Выслушав собирателя долларов, он вздохнул и ответил отказом на просьбу заведующего перевести этого докучного типа в психиатрию.

— Потом замучают, вы же сами понимаете, — сокрушенно вздыхал Ватников. — Вот собрались положить бабулю в сумасшедший дом, а она пишет бумагу-отказ. И — не положить ее никак! Прав таких нет! Без ейного бредового согласия! Эта гебистская практика сажать и освобождать диссидентов нам здорово испортила жизнь…

— Но это же белая горячка, — недоверчиво возразил Васильев, заведующий.

— В том-то и дело, — отозвался Ватников. — Очень, очень плохой. Покамест в реанимацию. Он не вынесет транспортировки… Это второй момент.

Васильев схватился за голову и отправился договариваться с реанимацией, которая в едином трудовом порыве моментально поднялась на дыбы.

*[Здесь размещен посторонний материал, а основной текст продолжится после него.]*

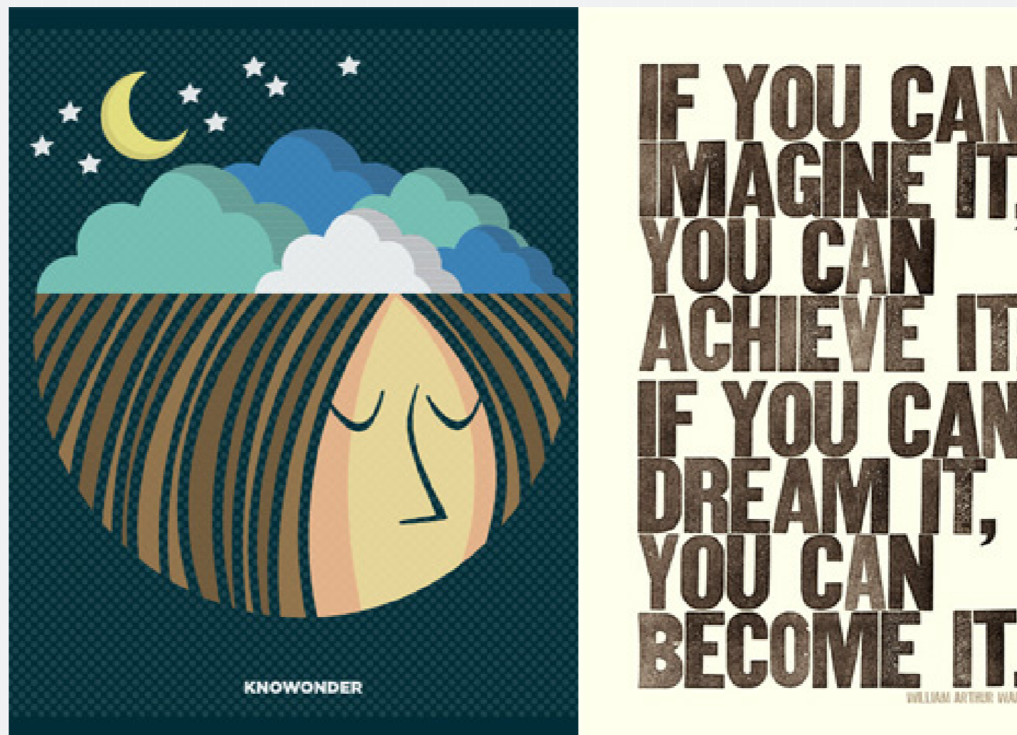
Figura 5: “Se você pode imaginar, você pode alcançar. Se você pode sonhar, você pode se tornar”
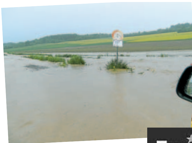
Land unter 15. Mai
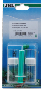
Su testleri için JBL parça seti
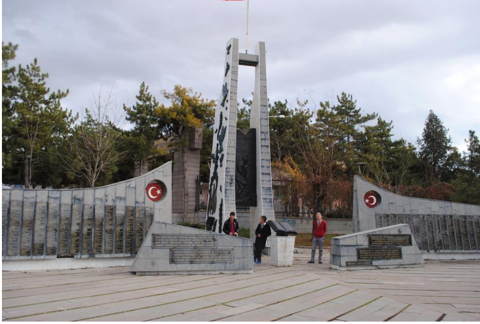
Fotoğraf 1: Atatürk ve Şehitler Anıtı'ndan genel bir görünüm (Ocak 2013).
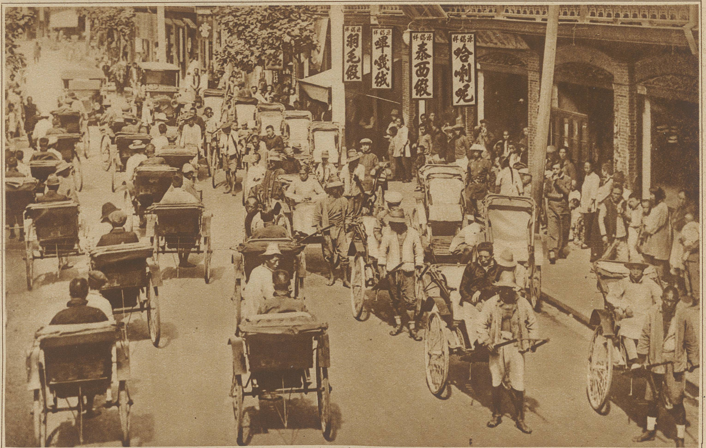
Riksha-Kulis. Trotz der energischen Vorstellungen, die von europäischer Seite zur Abschaffung der Rikshas unternommen wurden, bildet dieses Gefährt auch heute noch das Hauptverkehrsmittel der chinesischen Städte. Stundenlang traben die Kulis mit den Zweiräderkarren Gass' auf Gass' ab, bis der «Herr» gütigst auszusteigen geruht und ihnen während seines Aufenthaltes im Teehaus oder Bazar einige Minuten der verdienten Ruhe gönnt. Wie lange mag es noch dauern, bis das Automobil als modernes Verkehrsmittel dieses, die Menschheit entwürdigende Bild, aus den Gassen verdrängt
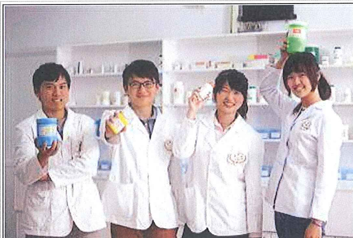
嘉藥藥學系學生於實習藥局體驗職場環境
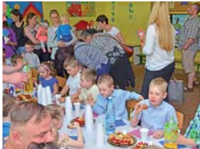
Podczas święta rodziców, nie zabrakło też czasu na poczęstunek.

„Kubusie Puchatki” zaprosiły swoich rodziców do przedszkola we wtorek, 23 maja. Tego dnia czekało na gości wiele atrakcji. W oficjalnej części dzieci zaprezentowały wiersze, piosenki i tańce raz wręczyły rodzicom upominki, którymi były papierowe kwiatki w doniczkach. Potem nauczycielki zaprosiły rodziców do obejrzenia wystawy, na której znalazły się namalowane przez dzieci portrety rodziców.
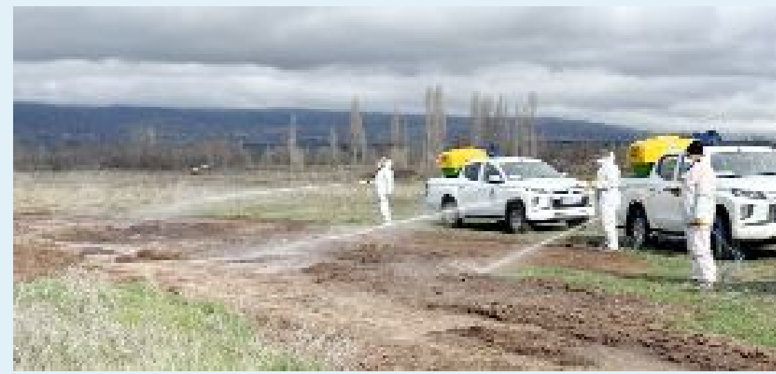
Havaların ısınmasıyla birlikte artabilecek risklere karşı erken harekete geçen ekipler, fiziksel müdahalelerin yanı sıra larva mücadelesine de ağırlık veriyor.
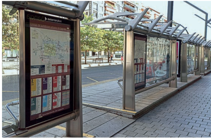
Los autobuses de la línea 2 pasan cada 10 minutos, de la 1 cada 12 y de las 3, 4, 5 y 10 cada 15.

Así, desde el martes 1 y en días laborables hay un autobús de la línea 2 cada 10 minutos; de la 1, cada 12 minutos; y de las líneas 3, 4, 5 y 10,
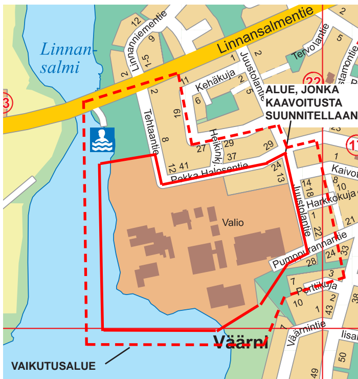
Alustava suunnittelualan rajaus
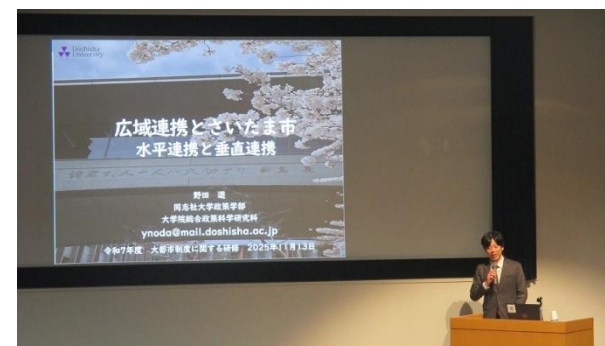
職員研修 （さいたま市） （令和7年11月）
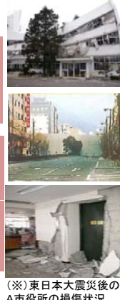
(※)東日本大震災後のA市役所の損傷状況
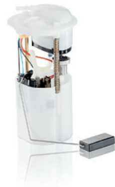
Sisteme de alimentare cu combustibil
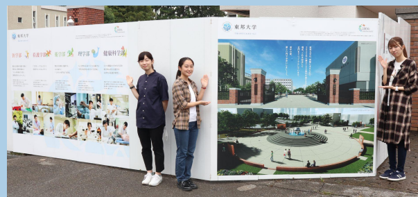
フィジビリティ調査時デモ掲出の様子
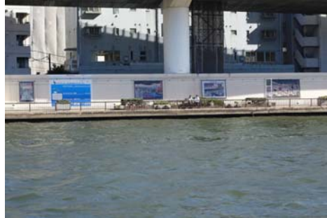
②テラスギャラリー
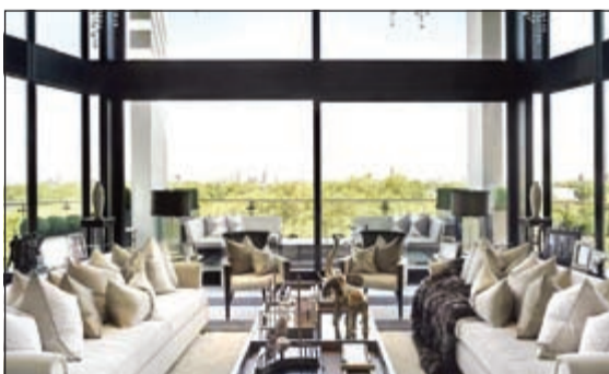
صالة الشقة المليونية
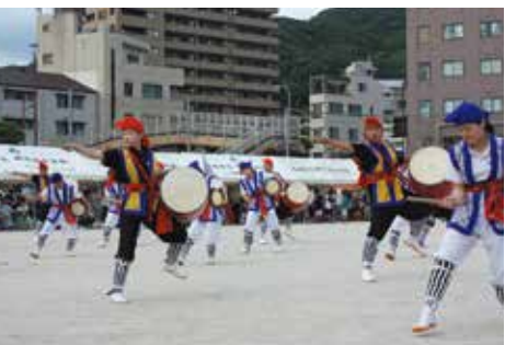
校区祭りでも踊りを披露したエイサー・和太鼓部「瓊琉会」
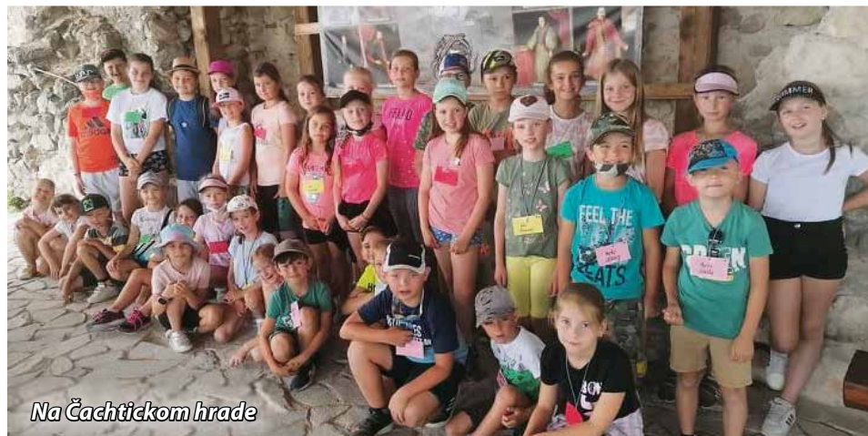
Na Čachtickom hrade

Prázdninová činnosť - Letná ŠKD. Takto sme nazvali týždeň aktivít pre deti našej školy počas letných prázdnin. Pedagogickí zamestnanci ŠKD a I. stupňa pripravili pre 90 detí každodenné výlety plné zážitkov a poznávania. Deti v rámci výletov navštívili ZOO Bojná, Trenčiansky hrad, Archeoskanzen Bojná, Čachtický hrad a Farmu Lubina. Po návrate z výletov ich čakal chutný obed v školskej jedálni a odychové hry v priestoroch školy. A na čo deti budú najviac spomínať? Každý má určite ten svoj „naj“ zážitok, napríklad:
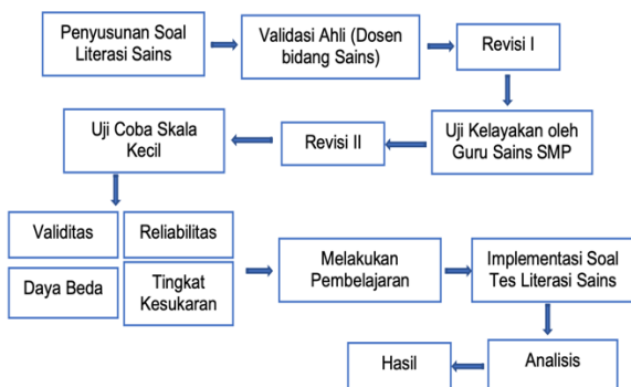
Gambar 1. Tahap Pelaksanaan Penelitian.

Prosedur penelitian dengan memberikan konsep kepada siswa mengenai materi asam, basa dan garam dilanjutkan dengan melakukan evaluasi dengan soal tes literasi sains. Analisis data dihitung dengan menggunakan menghitung persentase ketercapaian literasi sains. Tahapan penelitian dapat dilihat pada Gambar 1.
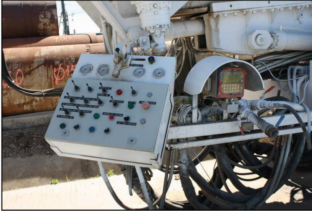
Panneau de commande
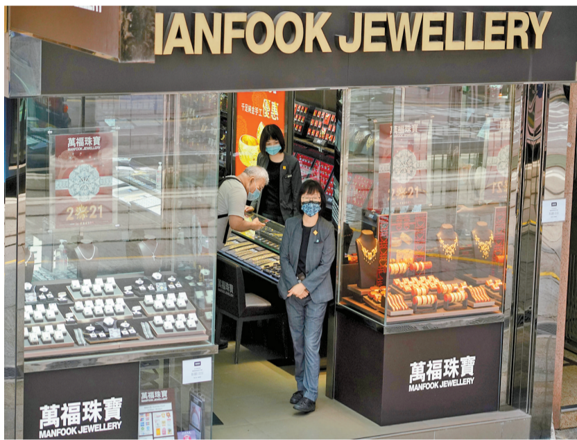
▲本港今年4月零售業總銷貨額同比上升12.1%。圖為一間珠寶店營業中。

法國外貿銀行亞太區經濟學家吳卓殷則認為，香港零售復蘇步伐有減弱跡象，但相信5月有望再度加快，料按年升幅介乎15%至20%，料全年增長12%；雖然港府下半年派發電子消費券，有助減輕市民負擔，但未必可提振香港整體消費市場。
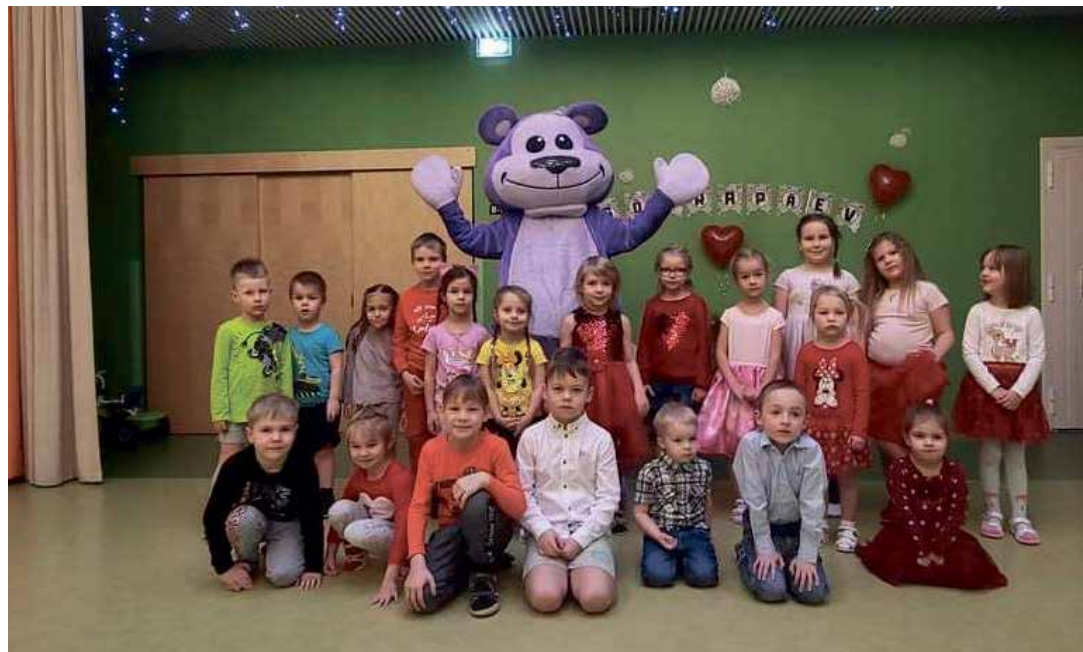
В день друзей в гостях был медведь, с которым было здорово играть.

которое состоялось в детском саду Вайвара 23 февраля. На день рождения были приглашены гости, и в этот раз к нам пришла собачка Лотте, с которой дети играли, танцевали и читали стихи, посвященные дорогой родине. Также был и торт по случаю дня рождения. Да здравствует Эстония!

Ватников между тем писал и рассеянно думал о молодом докторе Прятове, сочувствуя ему. Долларовый богач был из другой палаты, не прятовской, и Ватников сочувствовал Александру Павловичу именно поэтому. Слишком долго придется ждать, пока пациенты Александра Павловича тоже достукаются до белой горячки и удостоятся перевода куда подальше, хотя дальше реанимации был только морг. Для этого нужно прекратить пить хотя бы на пару дней, а на такую возможность ничто не указывало. Белая горячка развивается не когда пьют, а когда пить перестают… С богачом было проще, богач поступил позавчера с переломом ключицы — покойный дружок постарался, как он уверял. Пребывал в состоянии ужасного похмелья; держался дерзко и замкнуто, пить уже не хотел и не мог, хотя ему и предлагали соседи, да он был бы и рад, но просто уже не лезло. Вот и нашел себе занятие.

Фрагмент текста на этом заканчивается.